Actually, if that is what they told you, then they are not completely correct. The US is not Britain.

In copyright cases, awarding attorney's fees is not automatic. In fact there are some fairly famous cases where they were not awarded.

Fogarty v. Fantasy Inc. is one that comes to mind. <added> I believe he eventually won the fees, but they were never ruled to be automatic</added>

The key word in section 505 is "may".

mblair

1:09 am on May 21, 2005 (gmt 0)

digitalv,
I have heard of these spider traps before and have considered implementing one but have a question -- I have read in the Google forums here that some have reported that Google has been actually following links despite being disallowed in robots.txt but then not indexing them. I suppose the same concern could run to Google's mediabot as this might do the same.
In these cases are you whitelisting known Google IP ranges or has this just not been a problem thusfar?

stapel

3:06 am on May 21, 2005 (gmt 0)

I've used a spider trap for a few years now, and I'm still listed high in Google. It shouldn't be a problem, I don't think.

Eliz.

digitalv

9:18 pm on May 27, 2005 (gmt 0)

digitalv,
I have heard of these spider traps before and have considered implementing one but have a question -- I have read in the Google forums here that some have reported that Google has been actually following links despite being disallowed in robots.txt but then not indexing them. I suppose the same concern could run to Google's mediabot as this might do the same.
In these cases are you whitelisting known Google IP ranges or has this just not been a problem thusfar?

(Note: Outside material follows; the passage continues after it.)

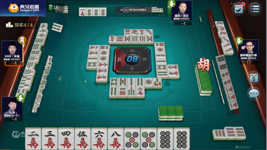 四位选手中“国民朋友小明”是来自欢乐麻将分区的“本质”主播。俗话说术业有专攻,小明在本次比赛一直是观众看好的夺冠热门,然而上半场-20分的巨大劣势,让他的夺冠之路显得举步维艰。与此同时,积分优势巨大的老王也并不顺利,下半场几次大牌进攻都没能获得成效,小战的高分自摸让老王雪上加霜,积分变为-31。比赛时间已经所剩无几,局势逐渐白热化,下半场豪取40多分的小战似乎已经逆转老王锁定胜局。

I think the issue was that Google stored the robots.txt file at the time of spidering and didn't retrieve it before. So if Google spiders you today (without this "trap" in place) they have your current robots.txt on file. If you change your robots.txt, the next time they spider you they're going off of the one they have stored on their end, not your most current one. So Google would fall into your trap and get banned.

The solution was to set up robots.txt with the nofollow in there but NOT to make the page do the automatic banning right away. After you've been spidered by all of the major search engines with your new robots.txt in place, THEN you add the auto-ban code to the nofollow page.

kgun

3:18 pm on Jun 29, 2005 (gmt 0)

Look at the cPanel and compile your own list.